Produce the lines from the one containing "Takket være de" through the end of the material exactly as they appear, both ends included, and leave the pictures out.

* GIVEN DATA:
· · · · · · ·

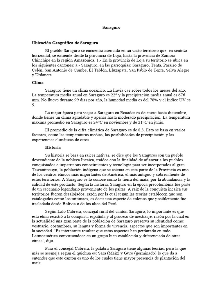 Saraguro aún no está determinado con exactitud, sin embargo, para algunos
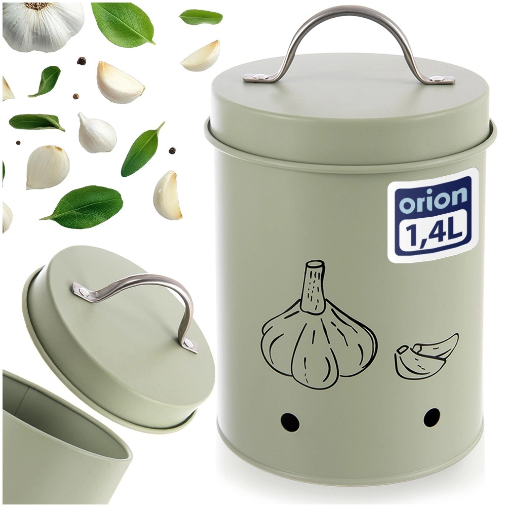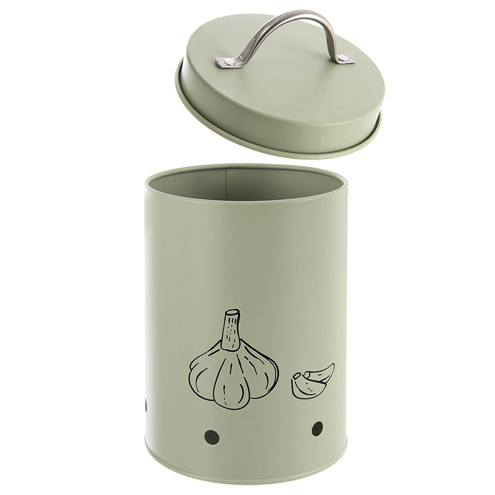 Takket være de kompakte mål passer beholderen nemt på køkkenbordet eller i spisekammeret. Den pastelgrønne udgave med sølvfarvet håndtag passer perfekt ind i både moderne og rustikke køkkener. Hvidløgs-grafikken gør det nemt hurtigt at skelne indholdet fra andre dåser.
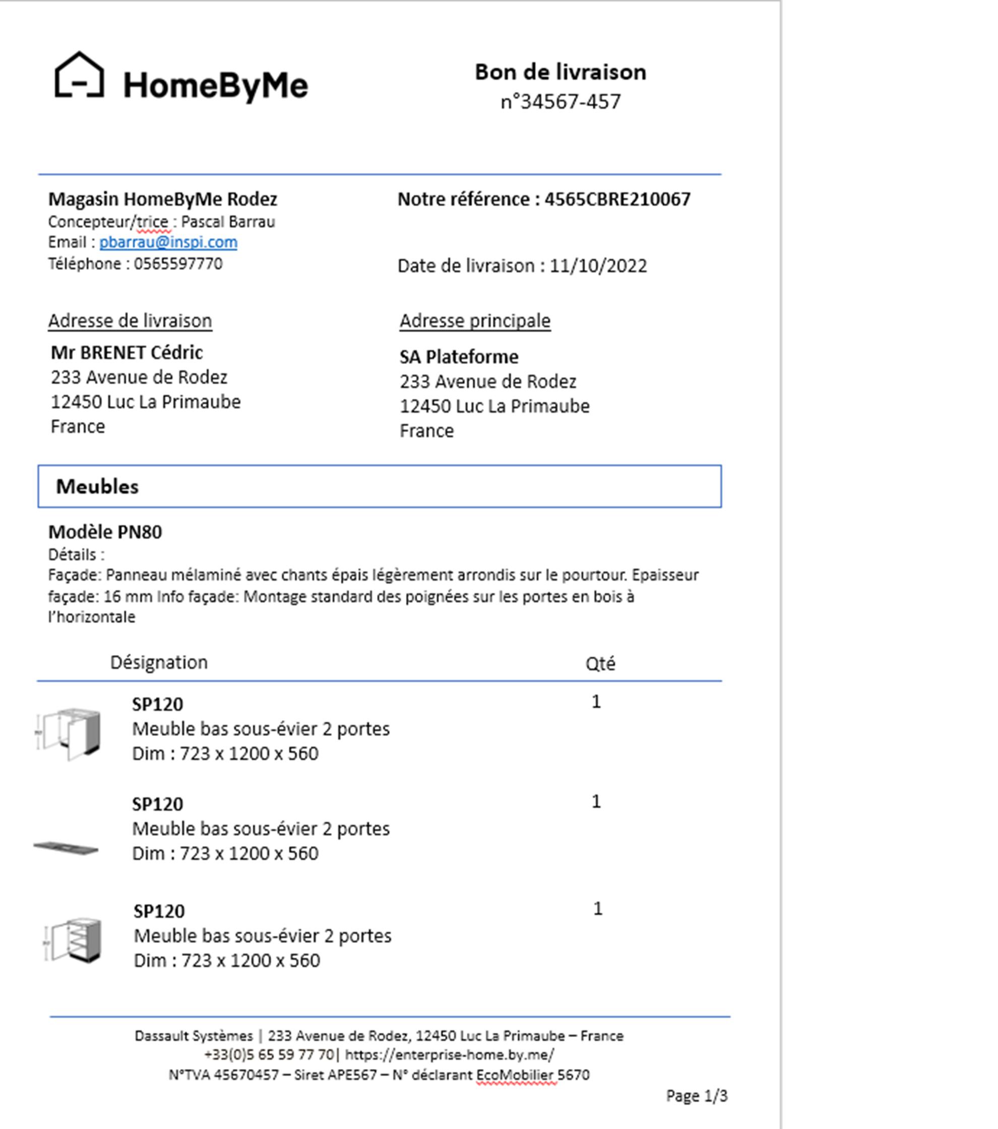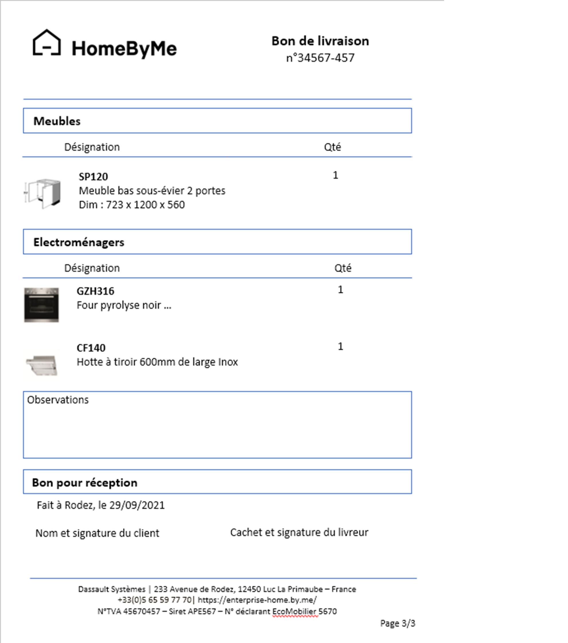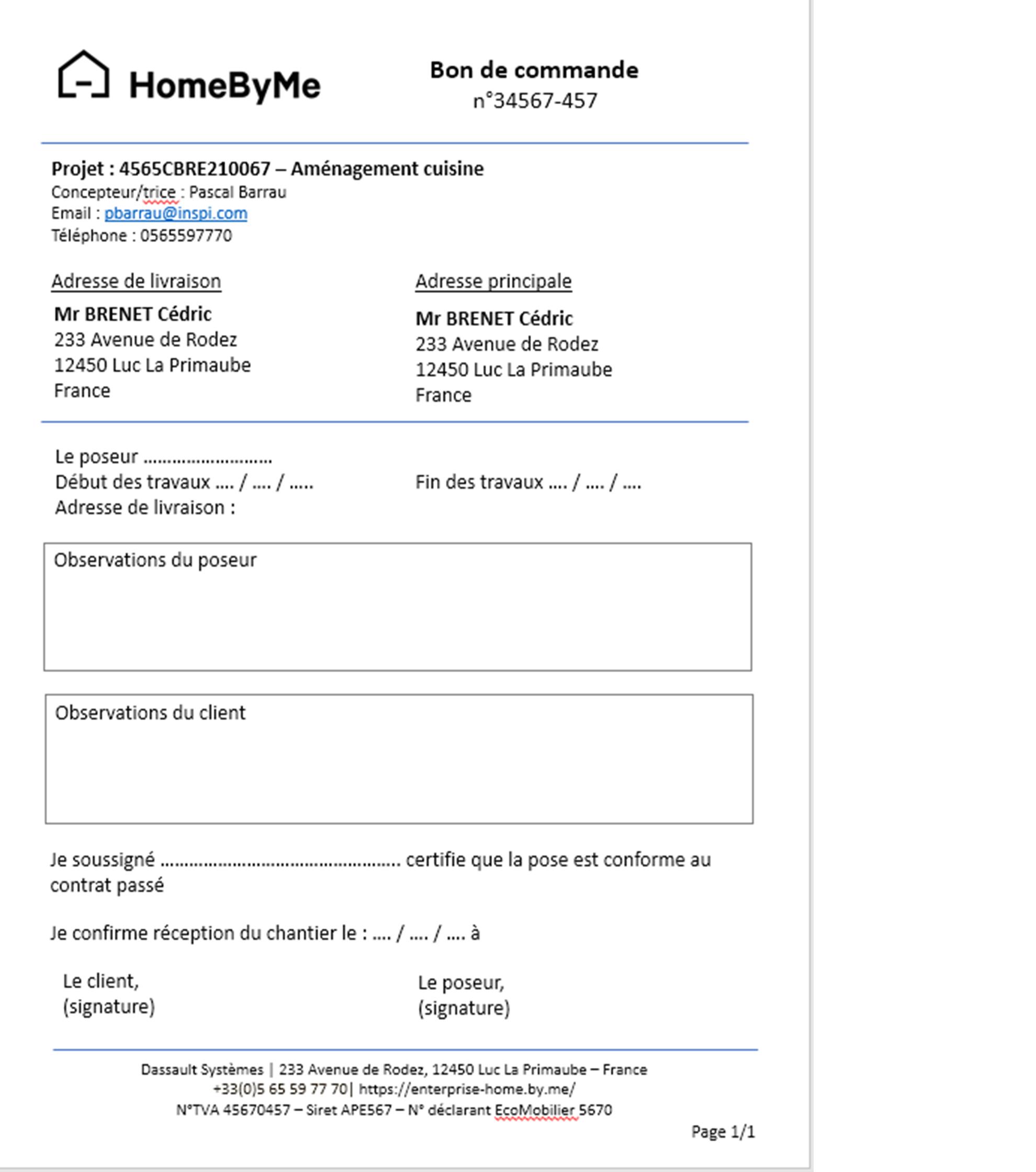 The certificate of measurement confirms the visit of the quantity surveyor to the customer's home. It can be printed at the level of the quote and the customer purchase order.

· · · · · · ·

* RESULT:
 Takket være de kompakte mål passer beholderen nemt på køkkenbordet eller i spisekammeret. Den pastelgrønne udgave med sølvfarvet håndtag passer perfekt ind i både moderne og rustikke køkkener. Hvidløgs-grafikken gør det nemt hurtigt at skelne indholdet fra andre dåser.
 The certificate of measurement confirms the visit of the quantity surveyor to the customer's home. It can be printed at the level of the quote and the customer purchase order.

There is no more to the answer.